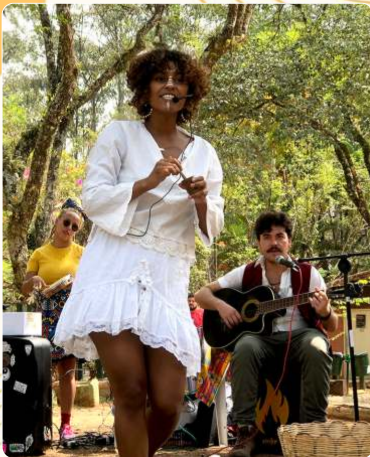
AB(AYÔ)MI | Contos Ancestrais
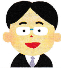
主任ケアマネジャー
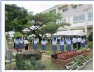
生徒会ミーティング
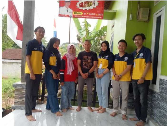
Gambar 2.3.18 Berpamitan dengan Kepala Dusun Balangandang Desa Tanjung Baru

Berpamitan dengan Kepala Dusun sebelum pulang kerumah.
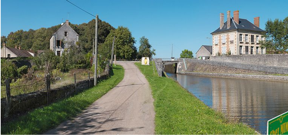
Vue d'ensemble : à gauche la maison éclésièr (01L) et à droite la maison des ingénieurs.

58, Bazolles chemin de halage du canal du Nivernais, lieudit : Baye
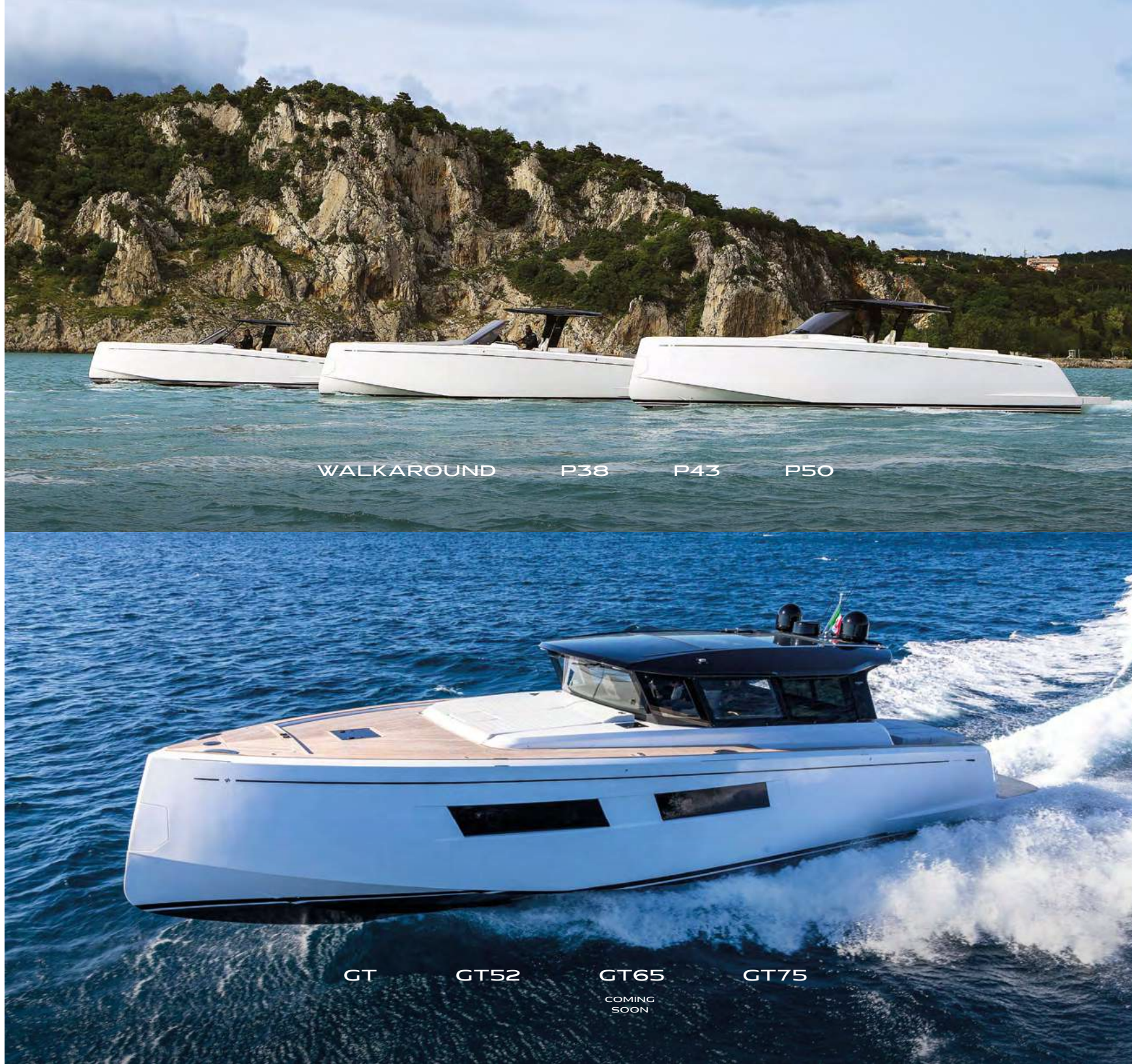
WALKAROUND P38 P43 P50

Una gamma che si va a posizionare tra la gamma Walkaround e quella Endurance rivolgendosi a un segmento di armatori alla ricerca di volumi ancora più vivibili e confortevoli rispetto agli attuali modelli walkaround, ma senza rinunciare alle performance.
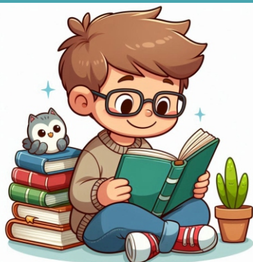
Hora da leitura
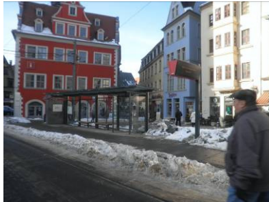
Altstadttyp, ohne Werbevitrinen im Bereich der hist. Altstadt
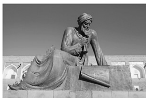
アル・フワリズミ

2次方程式の解法は、アラビアの数学者アル・フワリズミ(780頃-850頃)が示している。彼は、最古の代数学の書を著したことで有名である。ちなみに、計算の規則を意味する言葉「アルゴリズム」は彼の名前が語源となっている。
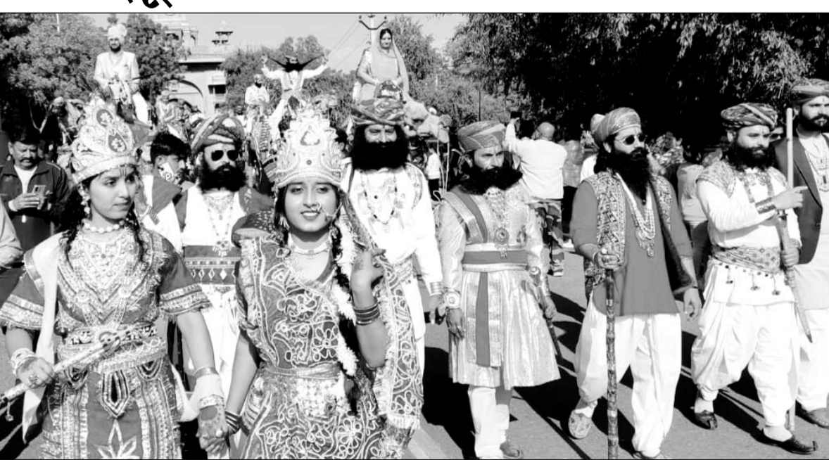
कार्निवल में राधा-कृष्ण के रूप में सजे बच्चों एवं विंटेज कारों में बैठे देशी-विदेशी पर्यटक स्थानीय लोक धुन पर थिरकते नजर आए।
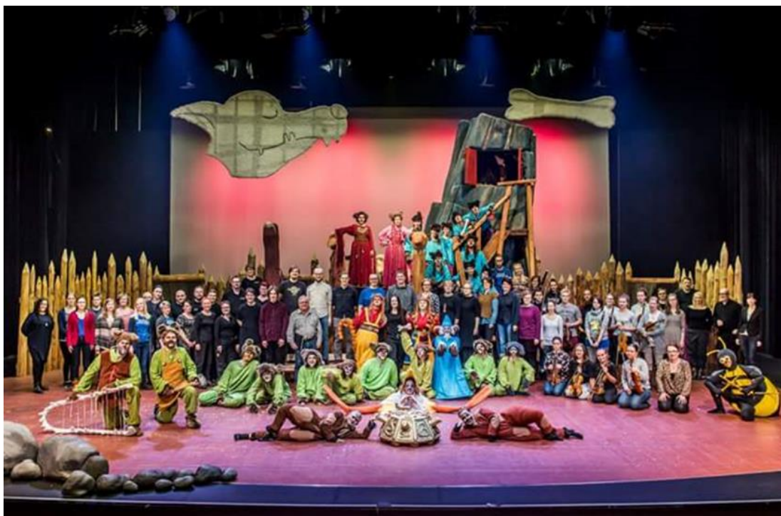
KUVA 1. Koirien Kalevala -opperan työryhmä.

Jaakko Kuusiston (Kuusisto 2003-2004) Koirien Kalevala -oppera oli minulle ensimmäinen teos, jossa toimin korrepetiittorina ja siksi hyvin erityinen musiikillisella taipaleellani. Kuusiston ilmeikäs sävelkieli tarjosi haasteita niin soittajalle kuin laulajallekin. Kuten säveltäjä itse sanoi teoksen ensi-illassa Kuopiossa, teos on sävelletty Suomen huippuammattilaisille.
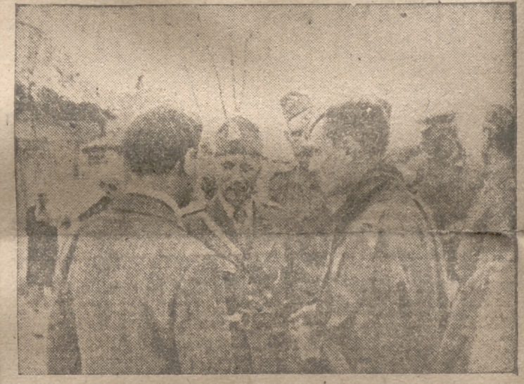
Corresponsales de Prensa extranjera han visitado los campos de batalla de Jarkov.—Un corresponsal rumano hablando con un jefe de tropas rumanas

Y así pasan los días y van viendo los pobres niños vagabundos del paraíso soviético!
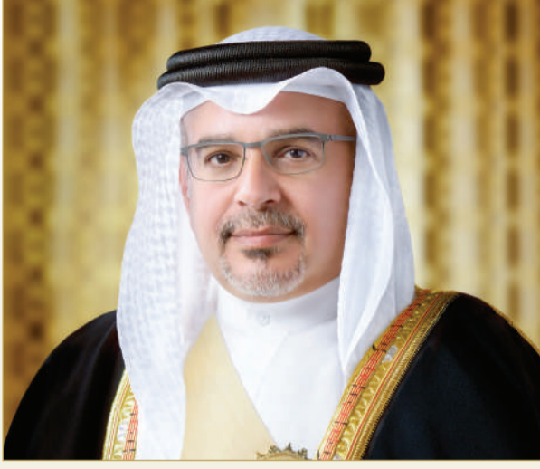
سمو ولي العهد رئيس مجلس الوزراء
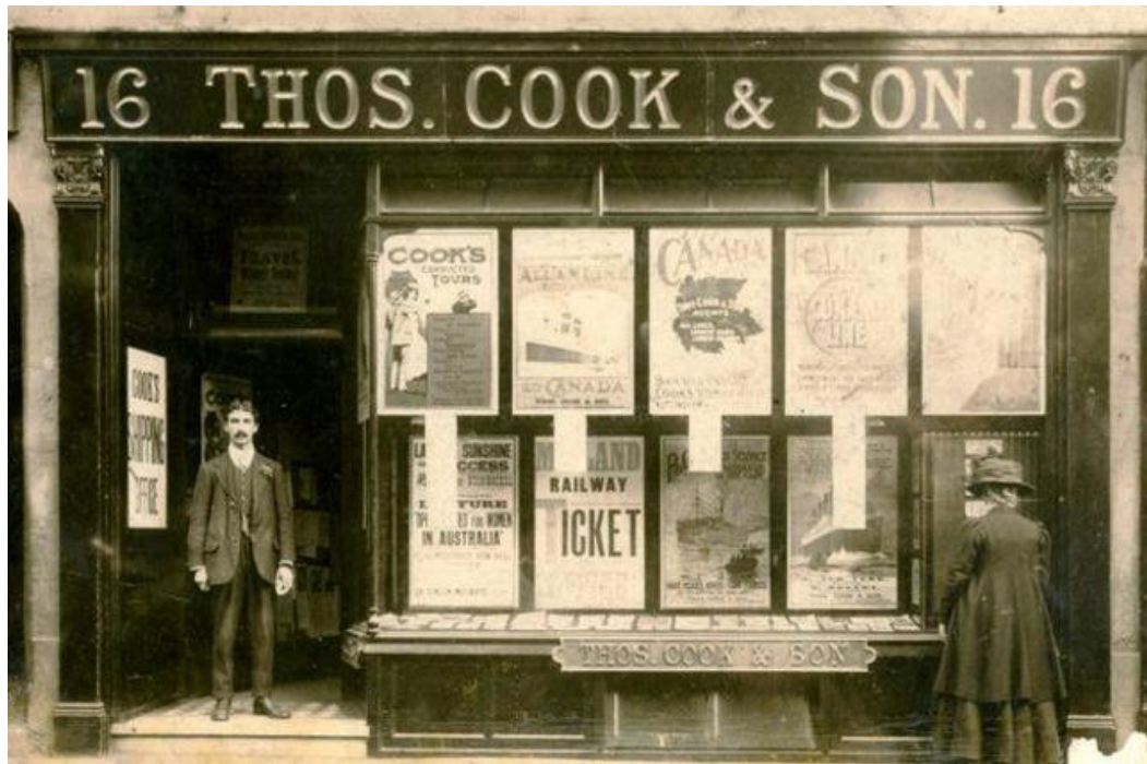
Figura 8 - Thos. Cook & Son, c. 1879. Autoria desconhecida. Fonte: Mirror Online.
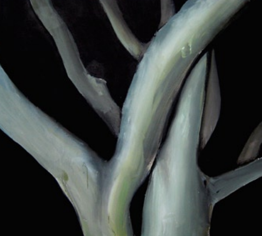
Sin título. 2007 180 x 160 cm. Acrílico / Tela
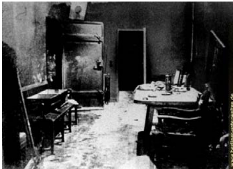
El interior del Bunker
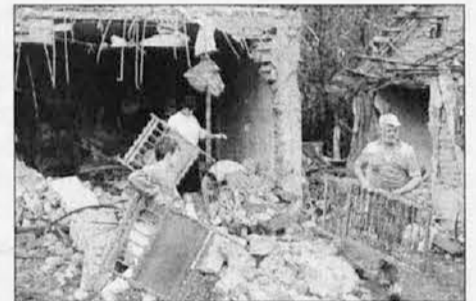
Vojna v Bosni je predvsem tragedija beguncev

V času, ko to pišemo, v New Yorku v ZDA še vedno razpravljajo ministri vseh treh držav, ki so vpletene v vojno v Bosni: srbski minister Milan Milutinović, hrvaški zunanji minister Mate Granić in bosanski kolega obeh Muhamad Sačirbegović ali
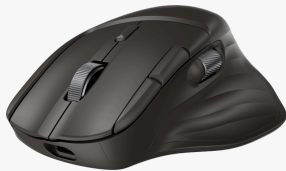
Ratón inalámbrico de desplazamiento ultrarrápido HP 780M BBYX3AA
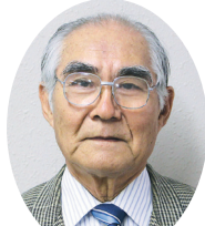
元神奈川公安調査事務所長 (法務行政事務功労)
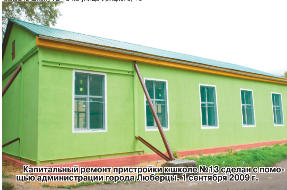
Капитальный ремонт пристройки к школе №13 сделан с помощью администрации города Люберцы. 1 сентября 2009 г.

в Люберцах. Предлог был тот же, что и в Маляховке: здание старое, требует ремонта, денег в бюджете нет. «В микрорайоне нет другой школы? Пусть ходят в школу № 12, ездят в Москву, да какое нам дело до вас
◇ ◇ ◇ ◇ ◇
**Work to complete**
Leaving out every picture, repeat the records above exactly as they stand.

**Response to this exercise**
AB(AYÔ)MI | Contos Ancestrais
主任ケアマネジャー
生徒会ミーティング
Gambar 2.3.18 Berpamitan dengan Kepala Dusun Balangandang Desa Tanjung Baru

Berpamitan dengan Kepala Dusun sebelum pulang kerumah.
Vue d'ensemble : à gauche la maison éclésièr (01L) et à droite la maison des ingénieurs.

58, Bazolles chemin de halage du canal du Nivernais, lieudit : Baye
WALKAROUND P38 P43 P50

Una gamma che si va a posizionare tra la gamma Walkaround e quella Endurance rivolgendosi a un segmento di armatori alla ricerca di volumi ancora più vivibili e confortevoli rispetto agli attuali modelli walkaround, ma senza rinunciare alle performance.
Hora da leitura
Altstadttyp, ohne Werbevitrinen im Bereich der hist. Altstadt
アル・フワリズミ

2次方程式の解法は、アラビアの数学者アル・フワリズミ(780頃-850頃)が示している。彼は、最古の代数学の書を著したことで有名である。ちなみに、計算の規則を意味する言葉「アルゴリズム」は彼の名前が語源となっている。
कार्निवल में राधा-कृष्ण के रूप में सजे बच्चों एवं विंटेज कारों में बैठे देशी-विदेशी पर्यटक स्थानीय लोक धुन पर थिरकते नजर आए।
KUVA 1. Koirien Kalevala -opperan työryhmä.

Jaakko Kuusiston (Kuusisto 2003-2004) Koirien Kalevala -oppera oli minulle ensimmäinen teos, jossa toimin korrepetiittorina ja siksi hyvin erityinen musiikillisella taipaleellani. Kuusiston ilmeikäs sävelkieli tarjosi haasteita niin soittajalle kuin laulajallekin. Kuten säveltäjä itse sanoi teoksen ensi-illassa Kuopiossa, teos on sävelletty Suomen huippuammattilaisille.
Corresponsales de Prensa extranjera han visitado los campos de batalla de Jarkov.—Un corresponsal rumano hablando con un jefe de tropas rumanas

Y así pasan los días y van viendo los pobres niños vagabundos del paraíso soviético!
سمو ولي العهد رئيس مجلس الوزراء
Figura 8 - Thos. Cook & Son, c. 1879. Autoria desconhecida. Fonte: Mirror Online.
Sin título. 2007 180 x 160 cm. Acrílico / Tela
El interior del Bunker
Vojna v Bosni je predvsem tragedija beguncev

V času, ko to pišemo, v New Yorku v ZDA še vedno razpravljajo ministri vseh treh držav, ki so vpletene v vojno v Bosni: srbski minister Milan Milutinović, hrvaški zunanji minister Mate Granić in bosanski kolega obeh Muhamad Sačirbegović ali
Ratón inalámbrico de desplazamiento ultrarrápido HP 780M BBYX3AA
元神奈川公安調査事務所長 (法務行政事務功労)
Капитальный ремонт пристройки к школе №13 сделан с помощью администрации города Люберцы. 1 сентября 2009 г.

в Люберцах. Предлог был тот же, что и в Маляховке: здание старое, требует ремонта, денег в бюджете нет. «В микрорайоне нет другой школы? Пусть ходят в школу № 12, ездят в Москву, да какое нам дело до вас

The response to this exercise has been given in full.